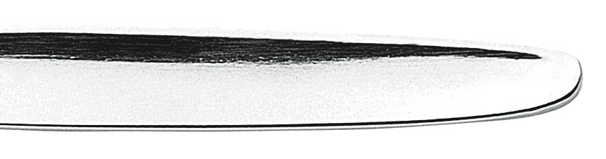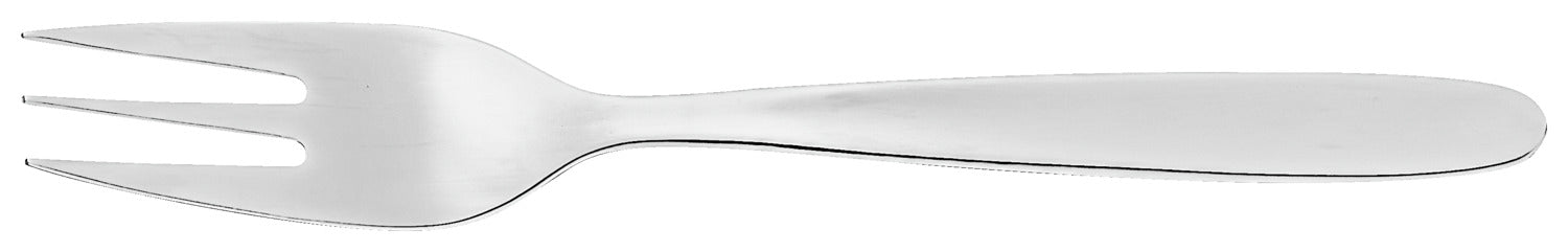 Prosty widelec do ciasta. Wypolerowany na wysoki połysk. Grubość materiału 2,2 mm odpowiednia dla gastronomii (mierzona w najmocniejszym miejscu widelca obiadowego). Można myć w zmywarce. Stal nierdzewna chromowana 18/0.
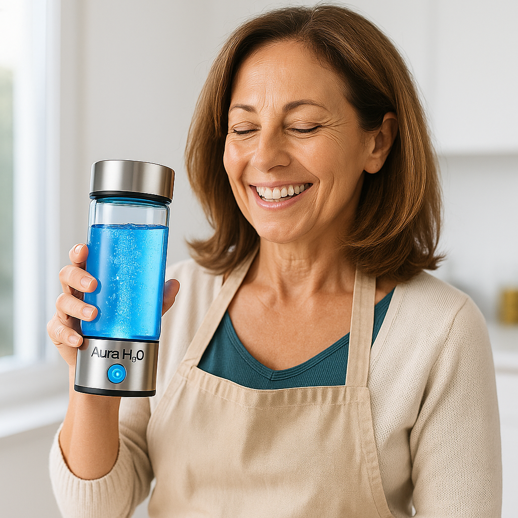 That’s exactly what the Aura H2O Bottle does: it infuses pure molecular hydrogen into your drinking water. The result? A refreshing glass of water that doesn’t just hydrate — it helps protect your cells, reduce inflammation, boost energy, and support overall wellness.
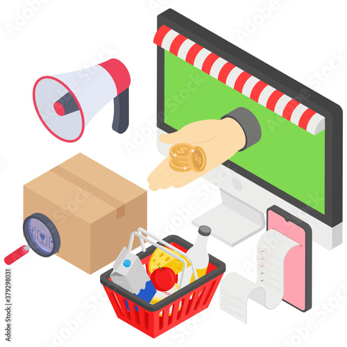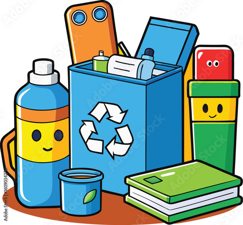 Вектор мусорного бака для вторичной переработки пластиковых отходов. Изометрический экологический контейнер для разделения мусора. Оранжевый ящик для вторичной переработки на белом фоне
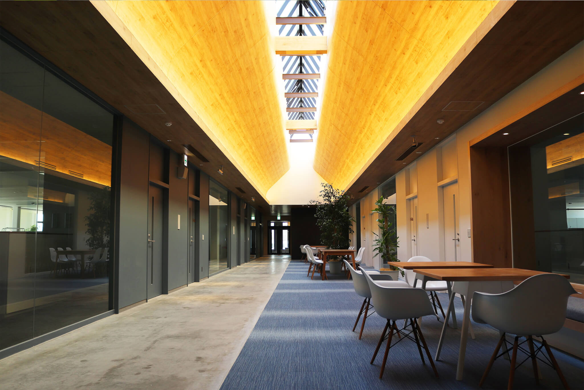 2019年10月にオープンしました。0歳~5歳までの最大42名のお子様のお預かりが可能です。窓を大きく設置しており、中の様子がよく見え、子育て中のお母さんも子どもが近くにいる環境のもと、安心して働くことができます。またカフェテリアの厨房が見える構造により、食育の観点から調理の様子を見学できるよう工夫がされていて、お子様への食事もカフェテリアより提供しています。

☆ ☆ ☆ ☆ ☆

* ABOUT THIS EXERCISE
In your copy, restate the data above word for word but leave out any picture.

* EXPECTED ANSWER
 Prosty widelec do ciasta. Wypolerowany na wysoki połysk. Grubość materiału 2,2 mm odpowiednia dla gastronomii (mierzona w najmocniejszym miejscu widelca obiadowego). Można myć w zmywarce. Stal nierdzewna chromowana 18/0.
 That’s exactly what the Aura H2O Bottle does: it infuses pure molecular hydrogen into your drinking water. The result? A refreshing glass of water that doesn’t just hydrate — it helps protect your cells, reduce inflammation, boost energy, and support overall wellness.
 Вектор мусорного бака для вторичной переработки пластиковых отходов. Изометрический экологический контейнер для разделения мусора. Оранжевый ящик для вторичной переработки на белом фоне
 2019年10月にオープンしました。0歳~5歳までの最大42名のお子様のお預かりが可能です。窓を大きく設置しており、中の様子がよく見え、子育て中のお母さんも子どもが近くにいる環境のもと、安心して働くことができます。またカフェテリアの厨房が見える構造により、食育の観点から調理の様子を見学できるよう工夫がされていて、お子様への食事もカフェテリアより提供しています。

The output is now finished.